● WHAT YOU WILL DO
Would you reproduce the whole listing exactly, dropping any pictures it holds?

● INFORMATION PROVIDED
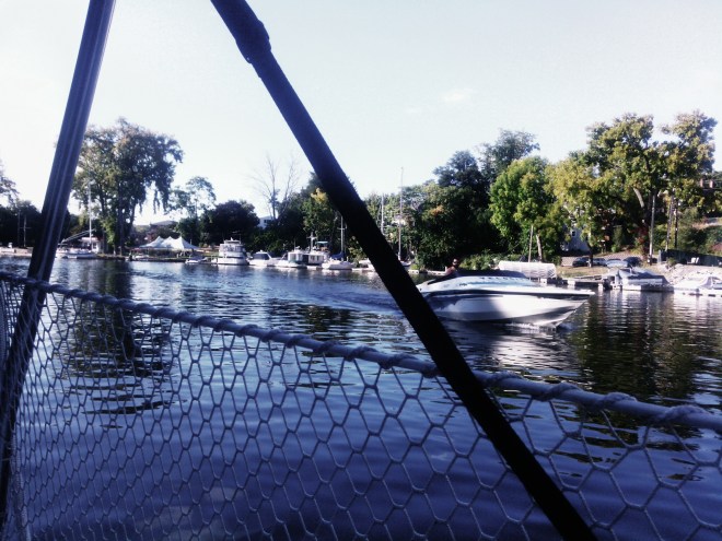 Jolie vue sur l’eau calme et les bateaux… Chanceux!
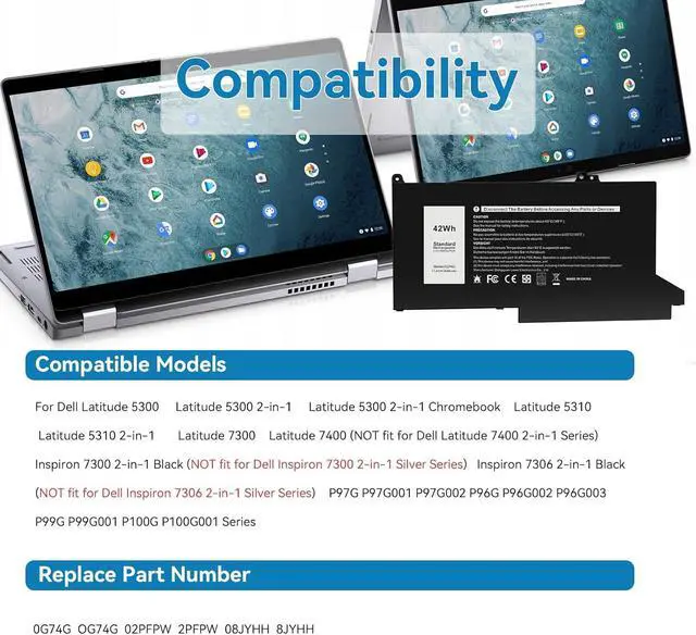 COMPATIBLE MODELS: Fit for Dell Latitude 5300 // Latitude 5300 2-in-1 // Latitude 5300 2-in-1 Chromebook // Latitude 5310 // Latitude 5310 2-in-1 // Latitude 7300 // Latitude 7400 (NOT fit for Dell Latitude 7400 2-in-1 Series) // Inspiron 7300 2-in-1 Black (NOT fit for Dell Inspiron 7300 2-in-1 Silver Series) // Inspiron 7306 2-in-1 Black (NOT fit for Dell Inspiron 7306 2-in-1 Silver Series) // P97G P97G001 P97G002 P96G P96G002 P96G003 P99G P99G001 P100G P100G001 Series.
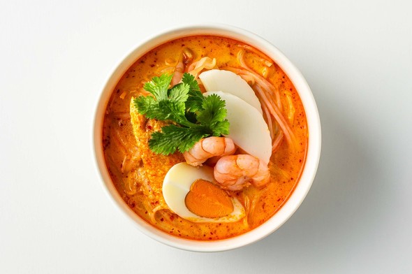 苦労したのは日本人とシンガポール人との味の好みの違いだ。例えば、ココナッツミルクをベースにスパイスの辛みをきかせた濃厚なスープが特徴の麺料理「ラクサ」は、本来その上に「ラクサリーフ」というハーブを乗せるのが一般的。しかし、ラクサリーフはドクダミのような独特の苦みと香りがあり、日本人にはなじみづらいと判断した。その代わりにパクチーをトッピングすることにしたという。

● RESULT FOR THIS TASK
 Jolie vue sur l’eau calme et les bateaux… Chanceux!
 COMPATIBLE MODELS: Fit for Dell Latitude 5300 // Latitude 5300 2-in-1 // Latitude 5300 2-in-1 Chromebook // Latitude 5310 // Latitude 5310 2-in-1 // Latitude 7300 // Latitude 7400 (NOT fit for Dell Latitude 7400 2-in-1 Series) // Inspiron 7300 2-in-1 Black (NOT fit for Dell Inspiron 7300 2-in-1 Silver Series) // Inspiron 7306 2-in-1 Black (NOT fit for Dell Inspiron 7306 2-in-1 Silver Series) // P97G P97G001 P97G002 P96G P96G002 P96G003 P99G P99G001 P100G P100G001 Series.
 苦労したのは日本人とシンガポール人との味の好みの違いだ。例えば、ココナッツミルクをベースにスパイスの辛みをきかせた濃厚なスープが特徴の麺料理「ラクサ」は、本来その上に「ラクサリーフ」というハーブを乗せるのが一般的。しかし、ラクサリーフはドクダミのような独特の苦みと香りがあり、日本人にはなじみづらいと判断した。その代わりにパクチーをトッピングすることにしたという。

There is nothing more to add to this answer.